Chine, Chine, Chine, Chine… Va l’comme en Chine On s’aimant au plage bleu…[25]К ней опять вернулось веселое, беззаботное настроение. Танцуя, она приблизилась к цветам в углу, перецеловала нежные лилии и чайные розы, издававшие тонкий, влажный аромат, внимательно прочитала незнакомые английские и португальские имена поклонников на визитных карточках, неуклюже подвешенных на проволоке к корзинам, и позвонила бою — приготовить ванну и подать завтрак. Оттого ли, что она плохо говорила по-английски, или оттого, что из-за ширмы выглядывали ее обнаженные руки и ноги, стройные и упругие, точно вылитые из белоснежного мрамора, бой долго стоял среди комнаты и тупо хлопал глазами, как ошеломленный. Марсель расхохоталась и, высунувшись из-за ширмы, мимикой показала ему, чего она хочет.

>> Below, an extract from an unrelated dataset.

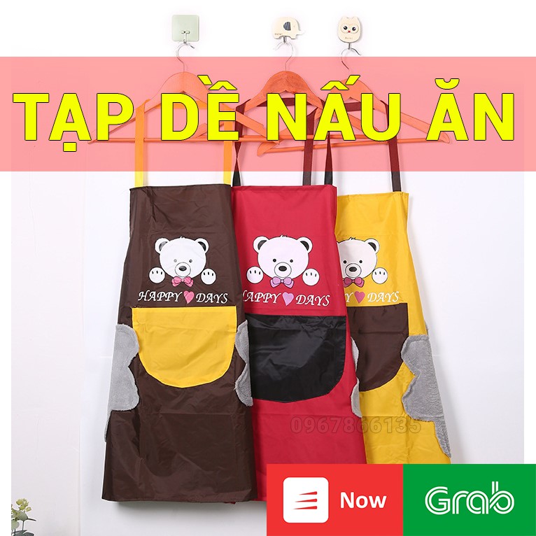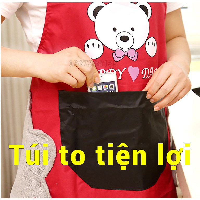 Tạp dề nấu ăn có túi đựng, có chỗ lau tay chống nước, chống dầu mỡ, chống bám bẩn họa tiết đáng yêu
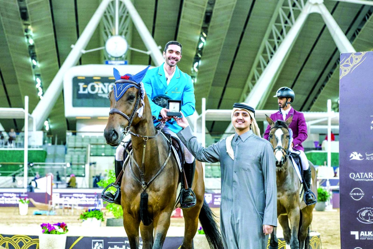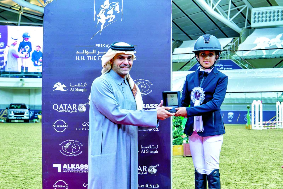 توج سعادة الشيخ ثاني بن حمد بن خليفة آل ثاني، رئيس مجلس إدارة صندوق قطر للتنمية الفائزين بالمراكز الخمسة الأولى في شوط الخمس نجوم على ارتفاع 140 سم، ضمن جائزة سمو الأمير الوالد والتي انطلقت ثالث جولاتها مساء أمس في ميدان لونجين بالشقب، بمشاركة كبيرة لنخبة من أفضل الفرسان المصنفين في العالم، وبجوائز تتجاوز قيمتها 3.3 مليون يورو للبطولة.

Выкупавшись, она освежила тело терпкой струей «Оригана» и несколько минут стояла нагая перед зеркалом с распущенными золотыми волосами, любуясь упругой гибкостью своих членов, таких молодых и нежно-округленных, сверкавших матовой белизной. На стук боя она едва успела юркнуть в первое попавшееся прозрачное, шелковое кимоно и взобралась с ногами на широкий диван у столика, где был сервирован завтрак. Бой — Фу-Чи, — молодой красивый китаец в белом европейском костюме, неловко прислуживал ей, тупо бродил по комнате, бесцельно переставляя предметы, сдувая пыль, вкрадчиво впиваясь глазами в полуобнаженную молодую женщину, вдыхая опьяняющие запахи духов, сладких цветов, ароматного кофе и еще чего-то, специфически-женского, приятно кружившего ему голову. Марсель словно читала невысказанное желание боя и это забавляло ее. Она жевала острыми белыми зубами полусырой кровавый бифштекс, видела в зеркале напротив побледневшее красивое лицо Фу-Чи за спиной, его дрожащие руки и еще больше, невзначай, обнажала холеное тело из распахнутого кимоно, сидя с ногами под себя на диване, почти совсем нагая… Бой, как бабочка вокруг огня, двигался по комнате пьяный, со сдерживаемым дыханием и мутными глазами. Марсель, притворяясь, что не замечает его волнения, холодно-равнодушным голосом отдавала ему приказания, делала свой утренний туалет перед зеркалом.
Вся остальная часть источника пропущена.